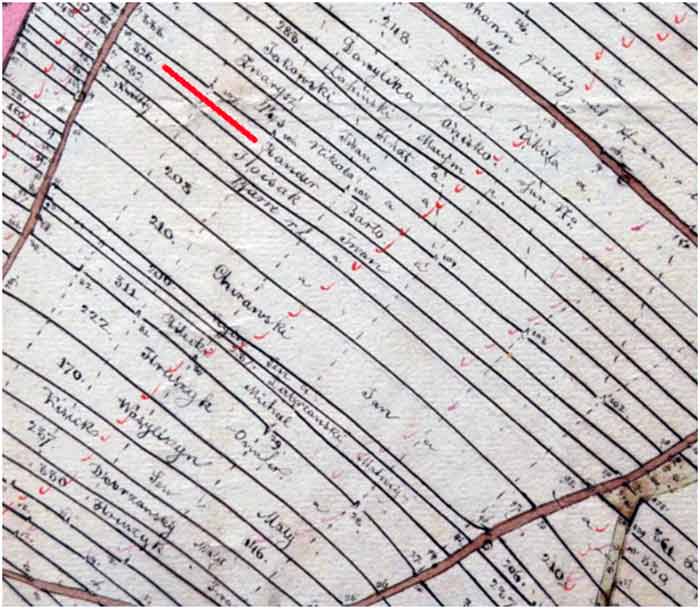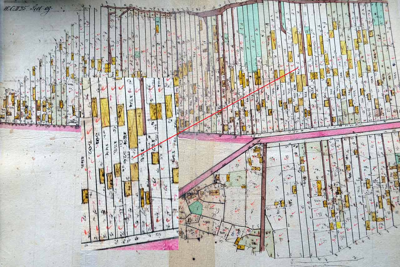 [14] У Йосифінській метриці власниками ділянок назвали Івана Петрила – №135 і Андруся Штундака – №133.
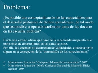 El documento define el concepto de capacidades y propone una secuencia lógica de tareas para el desarrollo de las mismas. Explica que una capacidad implica una serie de procedimientos que deben ser aprendidos de forma secuencial, desde lo más simple hasta lo más complejo. Asimismo, presenta diferentes modelos teóricos sobre el desarrollo de capacidades propuestos por autores como Pestalozzi, Luria, Bloom y otros. El objetivo es contribuir a la aplicación de las capacidades en las escuelas públicas.
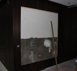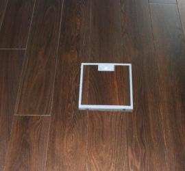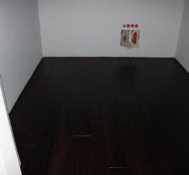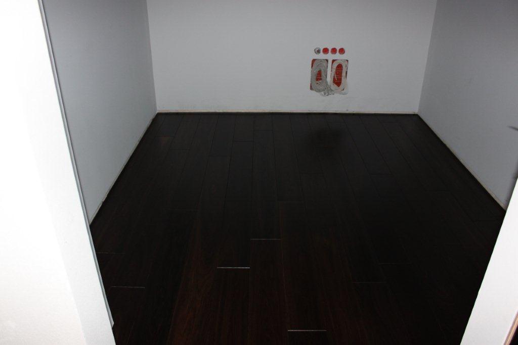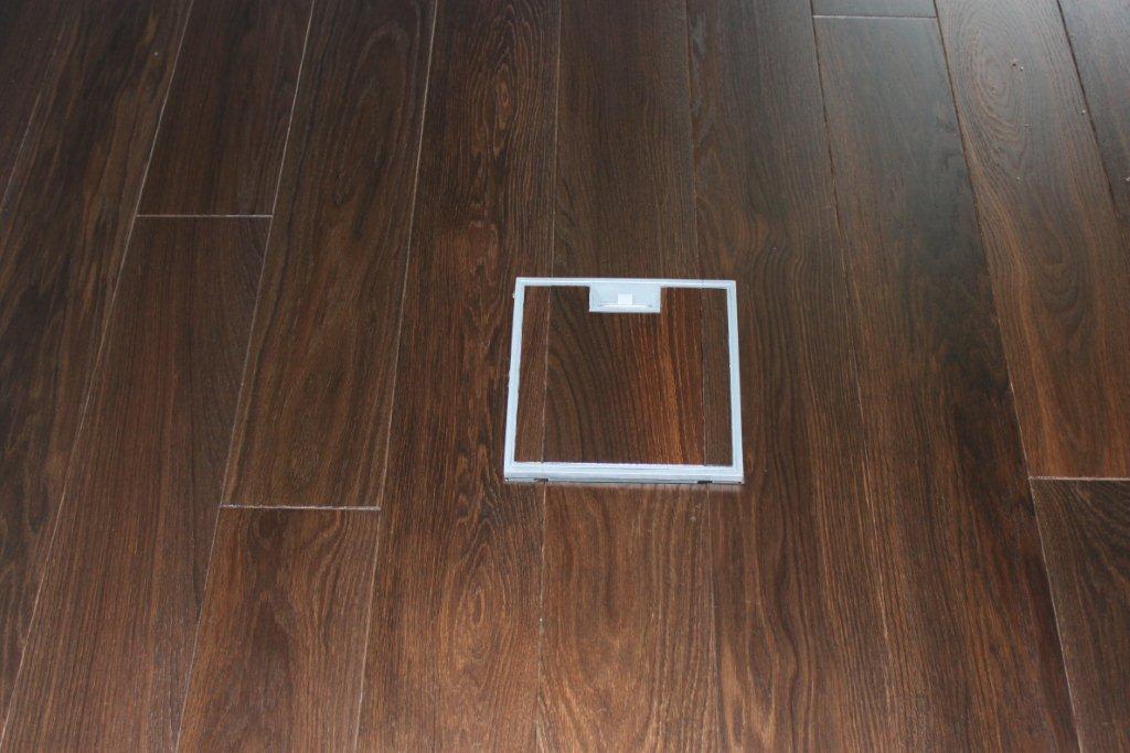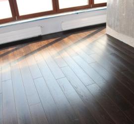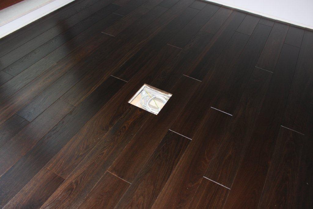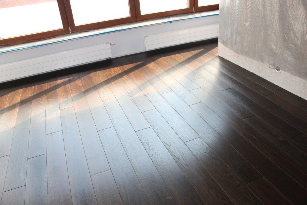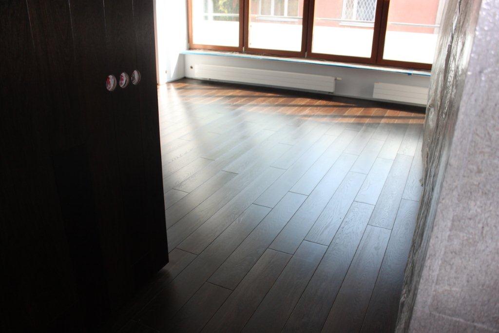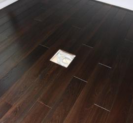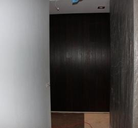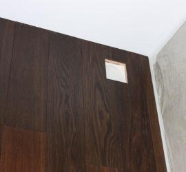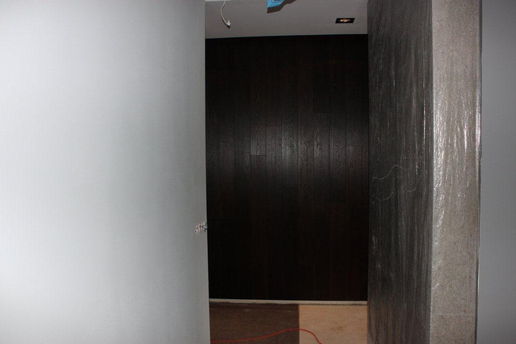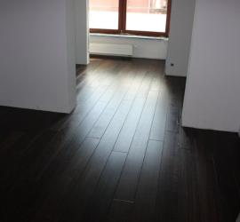 Deski podłogowe dąb wędzony z litego drewna o wymiarze 22x160x800-2200 mm olejowane fabrycznie – półmat, fazowane 4 stronnie, klejone do podłoża. Zabudowa ściany z deski podłogowej z dębu wędzonego klejona i przybijana do zamontowanej wcześniej na ścianie płyty OSB.

***

TASK TO CARRY OUT => Word for word, output the whole listing, but not its pictures.

SOLVED EXERCISE =>
 [14] У Йосифінській метриці власниками ділянок назвали Івана Петрила – №135 і Андруся Штундака – №133.
 El documento define el concepto de capacidades y propone una secuencia lógica de tareas para el desarrollo de las mismas. Explica que una capacidad implica una serie de procedimientos que deben ser aprendidos de forma secuencial, desde lo más simple hasta lo más complejo. Asimismo, presenta diferentes modelos teóricos sobre el desarrollo de capacidades propuestos por autores como Pestalozzi, Luria, Bloom y otros. El objetivo es contribuir a la aplicación de las capacidades en las escuelas públicas.
 Deski podłogowe dąb wędzony z litego drewna o wymiarze 22x160x800-2200 mm olejowane fabrycznie – półmat, fazowane 4 stronnie, klejone do podłoża. Zabudowa ściany z deski podłogowej z dębu wędzonego klejona i przybijana do zamontowanej wcześniej na ścianie płyty OSB.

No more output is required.